Open a browser (Chrome is recommended) and navigate to the URL below or simply select the “Administration” tab on the left panel:

<UI Domain>/admin

The admin page becomes accessible once the administrator logs in.

Service tiers

Service tiers define what models users can access, their usage limits, and permissions.

Key concepts

Service tiers offer powerful controls to tailor user access, usage limits, and permissions:

Control access: Decide which models each user or group can use.
Set usage limits: Define how many requests or tokens a user can make in a set period.

Service tiers are structured lists of model-group objects that define access controls and operational limits.

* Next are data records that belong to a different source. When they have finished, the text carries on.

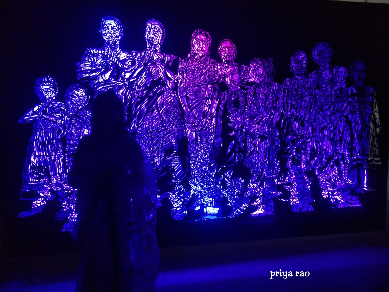 Overflow: Shilo Shiv Suleman uses embroidery as an artform on panels made of organza and fiberglass that extend from the ceiling to the floor. Her love poems on them captivate ur heart while the sheer beauty of this art enthrals and overflows!
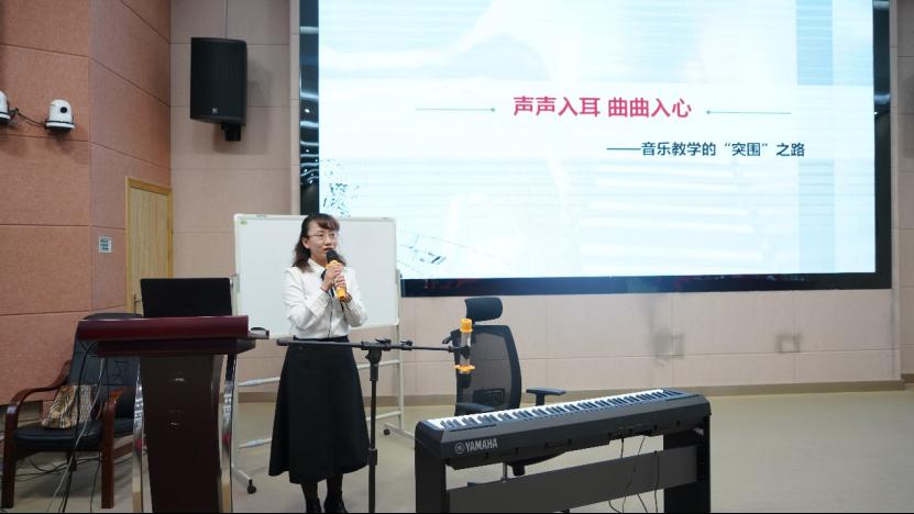 贵州大学青年骨干教师李小溪,以“教学设计创新与示范课堂展示”为主题,分享了自己音乐课程教学从成长、蜕变到突围的青教赛参赛经历,以及她把思政元素融入到音乐课程的设计与实施过程。最后,结合钢琴弹奏,展示了富有感染力的《即兴伴奏》现场教学环节。
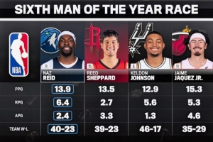 納茲·里德 球隊(duì)?wèi)?zhàn)績40勝23負(fù) 場均13.9分6.4籃板2.4助攻
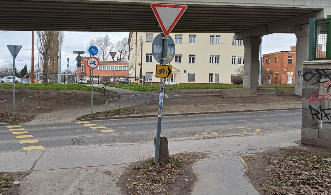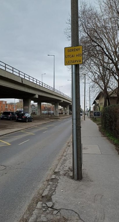 Több hónapja átadták a Serény utcai gyalogoshidat, a terelőtáblák viszont még midg kint vannak
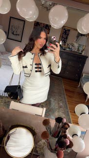 Pretty dress. Dress do run small, so I went up a size due to the other reviews and it fit perfectly. Dress has no stretch. Wore it with the matching jacket and was giving Chanel. Got so many compliments from strangers. Can definitely be worn on its own or can be style other ways. Loved it so much I bought it. Rent it. You won’t be disappointed.
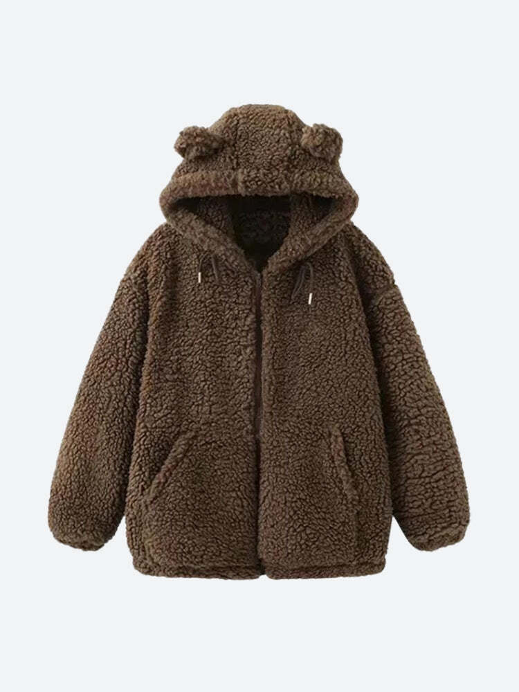 The Teddy Bear Jacket combines cozy comfort with playful style, crafted from plush fleece for warmth. Perfect for layering over casual outfits, it pairs easily with jeans or skirts for a laid-back, trendy look.
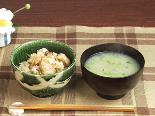 炊き上がりにかきを加えて、2~3分蒸らすとよい。
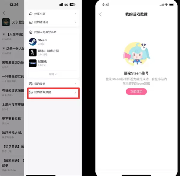 用户加入小站后,在App端进入小站,从任意小站点击右上角侧边栏,选择“我的游戏数据”,即可开启Steam绑定流程。
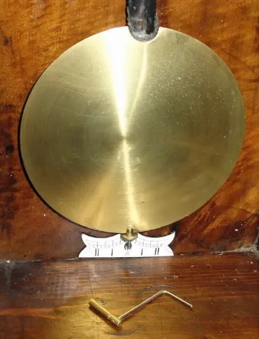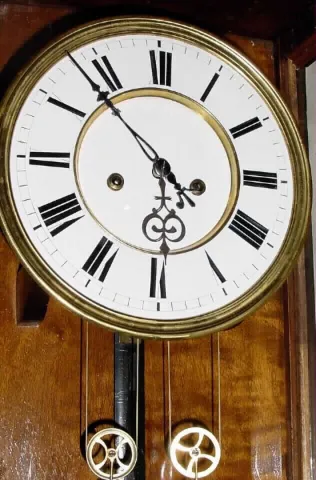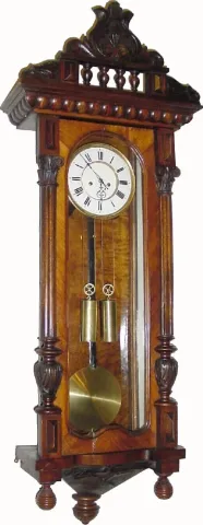 The well made Viennese movement is of high quality and mounts in the walnut case on a wooden slide. The well made hour hand is original; minute hand an old stamped replacement. Veneer in the case back had some separation bubbles. Door with some dry splits and veneer bubbles also. Old top with repairs. Clock seems to run reliably and is still OK for the price conscious buyer. Height 48"
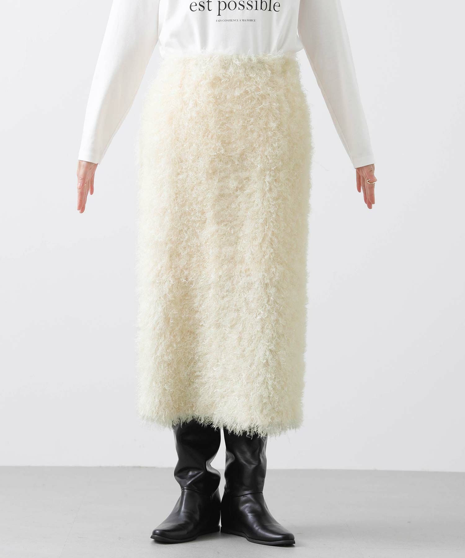 ファー素材が華やかなIラインスカート。カールした毛で表面感のある素材なので、着用するだけで目を惹くアイテムです。
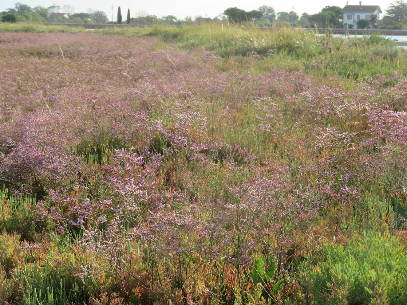 Oleander (Nerium oleander). I hope they leave it alone, it’s perfect just the way it is.Limonium narbonense comes out in mid-August. Various relatives are called sea-lavender, statice, caspia, or marsh-rosemary.
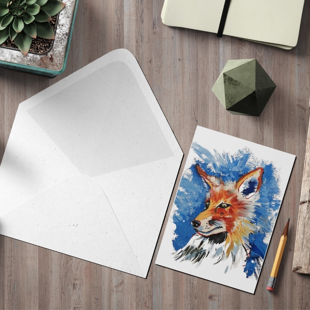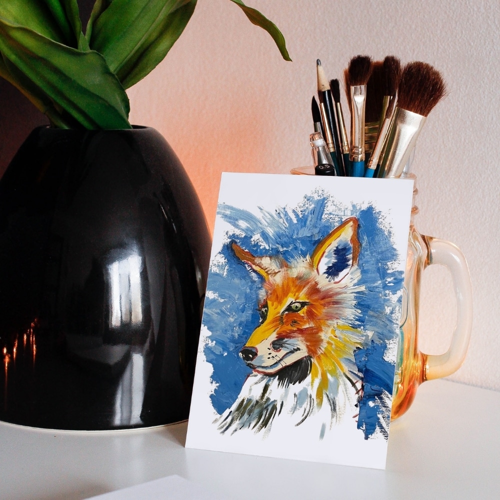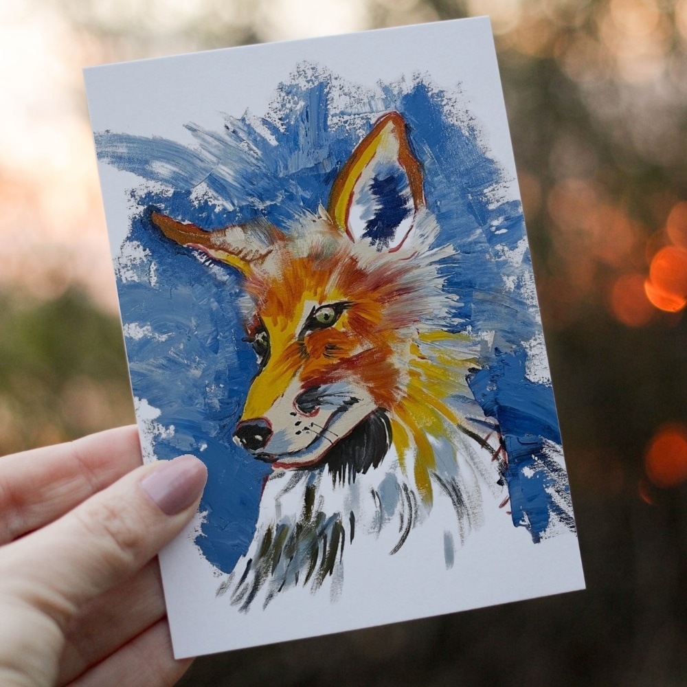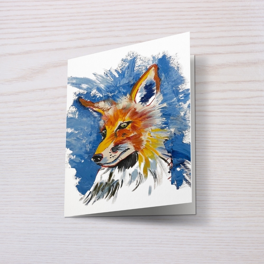 A playful 5×7 inch greeting card featuring a colourful fox painting from the Little Brushstrokes by Sophia collection. Blank inside for your message.
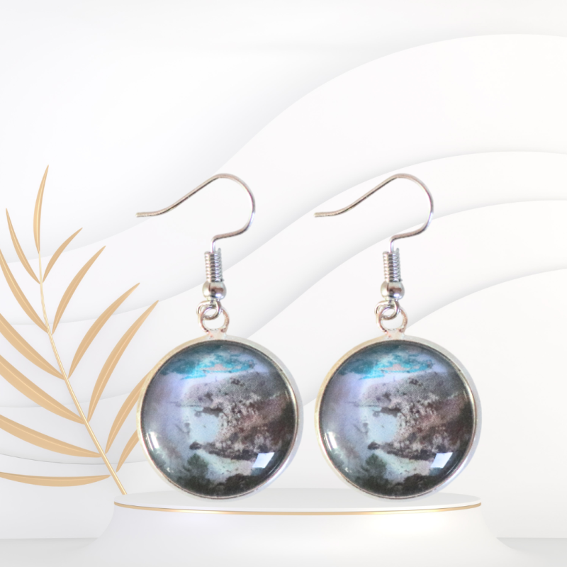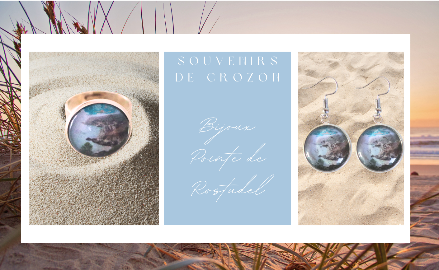 Inspirés de la pointe du Rostudel, ils restituent la palette printanière de la côte : eau turquoise, rochers végétalisés, ciel terracotta… Le cabochon en verre grossit l’image, comme pour mieux la graver dans la mémoire.

Each model-group block sets parameters such as queue depth and per-user rate limits. The inherits attribute allows a tier to extend another base tier’s configuration. When inheriting, only specified fields in the overrides section are modified, enabling precise and maintainable customization.

Configuration fields

The following table outlines the key fields used to define service tiers, along with descriptions and example values for each.

Field	Description	Example
`qos`	Quality of Service level assigned to requests from this tier. Usually matches the service tier name.	`enterprise-group-1`, `customer-demo`
`models`	List of models accessible to users within the tier. A model must be included in at least one tier for users to access it.	`[Llama-3.3-Swallow-70B-Instruct-v0.4]`
`queueDepth`	Maximum number of queries to queue before returning a busy response.	`100`
`rates`	Defines rate limits (allowed requests and period in seconds).	`{ allowedRequests: 10, periodSeconds: 60 }`
`inherits`	Allows a tier to inherit settings from a base tier and override specific fields.	`inherits: previously defined tier name`, `overrides: mentions which properties to override`

System-managed tiers

Some tiers are pre-configured and system-managed. Do not remove or disable these tiers — misconfiguring them can interrupt critical workflows.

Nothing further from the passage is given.